## Data extracts

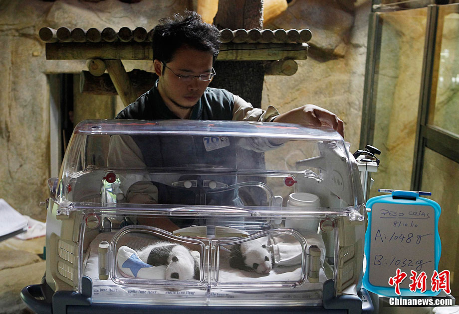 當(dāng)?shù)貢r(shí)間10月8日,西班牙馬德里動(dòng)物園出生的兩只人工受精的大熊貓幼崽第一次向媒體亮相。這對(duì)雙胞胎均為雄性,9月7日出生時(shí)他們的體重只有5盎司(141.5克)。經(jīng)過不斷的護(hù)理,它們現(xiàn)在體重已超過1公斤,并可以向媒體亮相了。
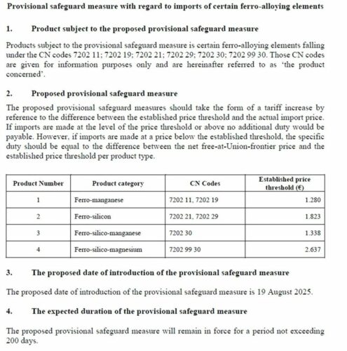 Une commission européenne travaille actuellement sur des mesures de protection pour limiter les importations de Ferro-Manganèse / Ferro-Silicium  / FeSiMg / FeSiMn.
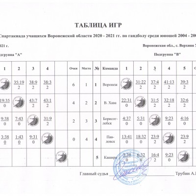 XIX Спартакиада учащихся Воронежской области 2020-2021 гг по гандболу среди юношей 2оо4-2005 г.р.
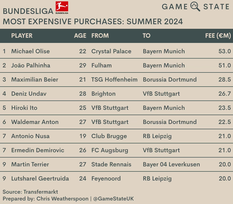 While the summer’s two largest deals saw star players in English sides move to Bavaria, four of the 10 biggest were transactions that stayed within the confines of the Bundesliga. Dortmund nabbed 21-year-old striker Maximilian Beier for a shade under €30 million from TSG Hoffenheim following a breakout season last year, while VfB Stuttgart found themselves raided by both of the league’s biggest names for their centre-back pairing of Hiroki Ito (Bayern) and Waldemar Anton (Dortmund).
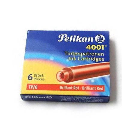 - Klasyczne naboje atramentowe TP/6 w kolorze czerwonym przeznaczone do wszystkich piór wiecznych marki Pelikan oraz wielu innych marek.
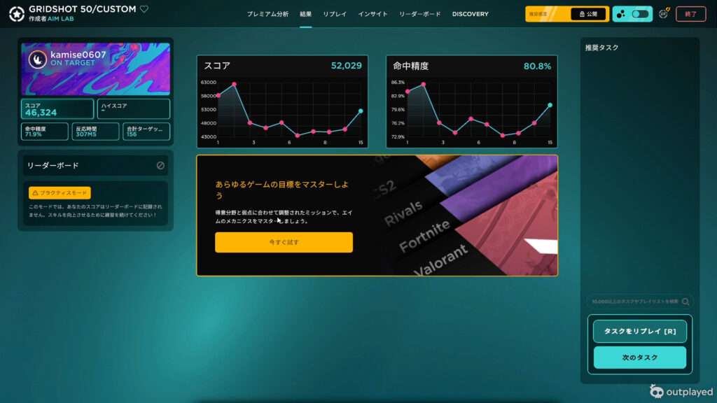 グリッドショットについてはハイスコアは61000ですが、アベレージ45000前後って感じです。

## Instructions for the task
Return all the records exactly, excluding images.

## Completed task
 當(dāng)?shù)貢r(shí)間10月8日,西班牙馬德里動(dòng)物園出生的兩只人工受精的大熊貓幼崽第一次向媒體亮相。這對(duì)雙胞胎均為雄性,9月7日出生時(shí)他們的體重只有5盎司(141.5克)。經(jīng)過不斷的護(hù)理,它們現(xiàn)在體重已超過1公斤,并可以向媒體亮相了。
 Une commission européenne travaille actuellement sur des mesures de protection pour limiter les importations de Ferro-Manganèse / Ferro-Silicium  / FeSiMg / FeSiMn.
 XIX Спартакиада учащихся Воронежской области 2020-2021 гг по гандболу среди юношей 2оо4-2005 г.р.
 While the summer’s two largest deals saw star players in English sides move to Bavaria, four of the 10 biggest were transactions that stayed within the confines of the Bundesliga. Dortmund nabbed 21-year-old striker Maximilian Beier for a shade under €30 million from TSG Hoffenheim following a breakout season last year, while VfB Stuttgart found themselves raided by both of the league’s biggest names for their centre-back pairing of Hiroki Ito (Bayern) and Waldemar Anton (Dortmund).
 - Klasyczne naboje atramentowe TP/6 w kolorze czerwonym przeznaczone do wszystkich piór wiecznych marki Pelikan oraz wielu innych marek.
 グリッドショットについてはハイスコアは61000ですが、アベレージ45000前後って感じです。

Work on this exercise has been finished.